Anyway, let's take a moment to look at the work. It's David Ersser's stuff. I've seen some of his work before in Larry's Cocktails at Gagosian last year. In the gallery tonight are carved sculptures of work-a-day stuff from an artists studio. There's a bench with tools and bits and pieces on it - crushed beer cans, an electric drill, scissors, an ipod, speakers, an ashtray, lighter, ruler, saw...
There's also a camera on a tripod, a heavy duty circular saw; and a neon sign attached to the wall up by the bar. There's a set of keys hanging from a nail in the wall.
And all of it, all of it, made from balsa wood. Carved out of the stuff. That strange fleshy pink-white coloured soft light-as-nothing wood. Everything made from this.

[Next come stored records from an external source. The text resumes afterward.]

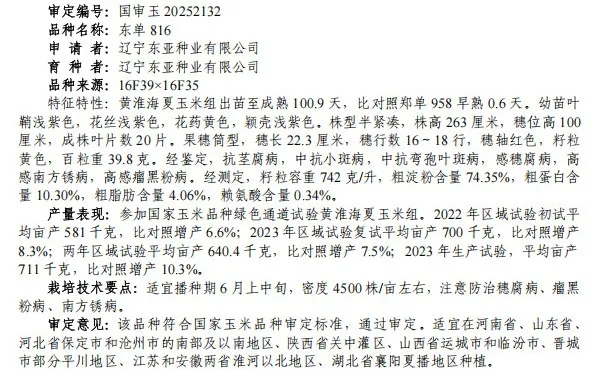 近日,農業農村部發布公告,共審定通過水稻品種425個、玉米品種764個、棉花品種31個、大豆品種42個、小麥品種5個。東亞種業3個玉米品種通過國家審定。
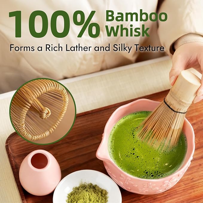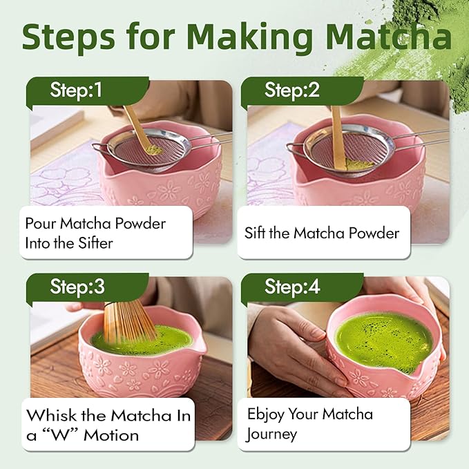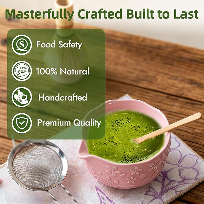 • 【Design Concept】This matcha whisk set is inspired by spring cherry blossoms. The wave design of the bowl's rim adds both personality and elegance, enhancing the artistic appeal of the entire matcha set. We have fused the delicate beauty of cherry blossoms with a natural texture, adopt the relief technique by preventing tea stains and residues from sticking, as if each petal is gracefully dancing on the ceramics bowl. This matcha kit is not only functional but also serves as a decorative piece.
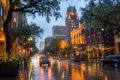Rainy Evening in Downtown San Antonio: A Canvas of Urban Lights
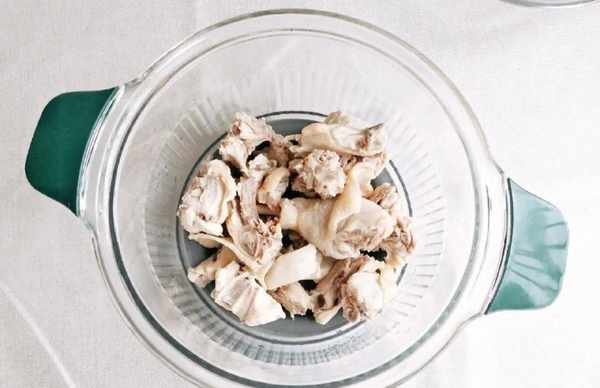1、把半隻雞切塊斬件,冷水下鍋加入薑片焯水,把雞塊裡的血水煮成血沫漂上來,就可以瞭,有料酒加一起去腥更佳。
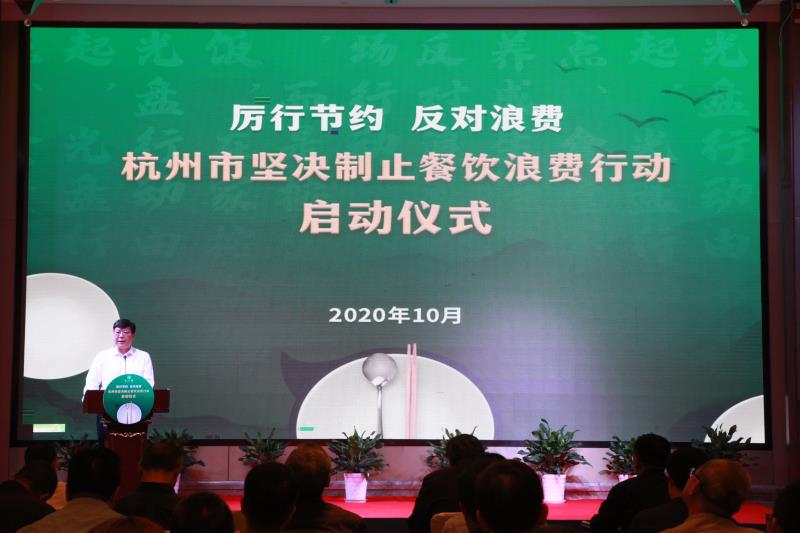 會上,市市場監(jiān)管局局長范建軍宣讀了杭州市委書記周江勇的批示,副局長古濤解讀了省政府堅決制止餐飲浪費(fèi)行動方案,發(fā)布杭州市六大行動方案;上城區(qū)政府、餐飲協(xié)會、杭州飲服集體就厲行節(jié)約、制止餐飲浪費(fèi)作了倡議發(fā)言,積極響應(yīng)并號召社會各界參與到制止餐飲浪費(fèi)行動中來。
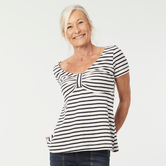 Whether you aspire to craft an elegant dress or a casual t-shirt, express your own style with this easy and feminine pattern.
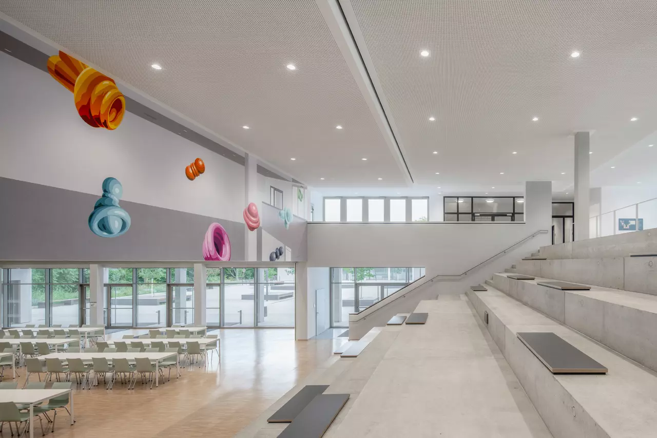 Das Mensagebäude verbindet mit seinem zweigeschossigen Foyer den Haupteingang auf der Vorplatzebene mit der Mensa im Sockelgeschoss und dem angrenzenden Pausenhof. Eine großzügige Sitzstufenanlage als Herz der Schule und zentralem Aufenthaltsbereich dient der fest installierten Bühne in der Mensa bei Veranstaltungen als erweitertes Auditorium. Die großflächige Wandmalerei der Künstlerin Patricia London Ante Paris "Das Fliegende Foyer" ist eine gekonnte Reflektion des Raumes und verleiht ihm durch bunte skulpturale Objekte eine dynamische Bewegtheit. Ein direkter Ausgang führt von der Mensa aus ins Freie, sodass die Schülerinnen und Schüler bei gutem Wetter draußen essen können. Zudem ist die Mensa bei externen Veranstaltungen eigenständig über den Pausenhof zugänglich.
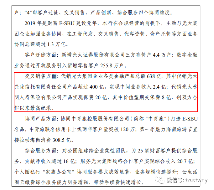根据光大银行年报,2019年,该行代销光大集团企业各类金融产品总额638亿,其中代销光大兴陇信托有限责任公司产品超过400亿,实现中间业务收入2.4亿;代销光大永明人寿保险有限公司产品实现保费20亿,其中价值型期交保费8亿,创双方合作以来最高纪录。

It's quite an achievement. It must have taken months of slicing and dicing to create tonight's show. I congratulate David (above), who is busy bending over and repairing various balsa wood 'electric cables' and bits and pieces. We are talking about the work and he bends down and picks up a balsa crushed beer can. 'Shouldn't really do this,' he says, handing it to me, 'but feel it.' I hold it in my hand. It's a beercan - but so impossibly light it makes my brain go a little odd from the disparity of vision and touch. It's a weird thing. I touch the chair that sits by the table. It almost starts to float in the air. It's very, very odd. But brilliantly done. Although not so brilliantly that the workmanship disappears - it is done with a certain amount of the nerdy scratching and whittling away visible. These are representations of things, not things themselves. They are a little reflection of reality, not a substitute.
'You really have to understand things to do this,' David is saying, 'you have to really take stuff apart and look at it. It's like drawing,' he says. And I think he has really looked very closely at things - for a very long time.
We decide to try and make it to Oliver Bancroft's show at Studio 1.1 - or at least for a drink at the Owl and Pussycat in Redchurch Street. We head off and somewhere around this time Karen D'Amico disappears. We get there in time to have a couple of minutes in the gallery. I get very taken with four projectors, lined up, purring away like congested cats, showing four separate parts of one view of four lines of trees. This is a very nice piece. Kate Street is there. She showed us her new website the other day. Emma Holden is there too. The last time I saw her, her arm was a beer drinking green snake.
(Ah, what great drugs they were...)
We got to the Owl for a beer. I hold it in my hand. It is exactly the right weight a glass of beer should be.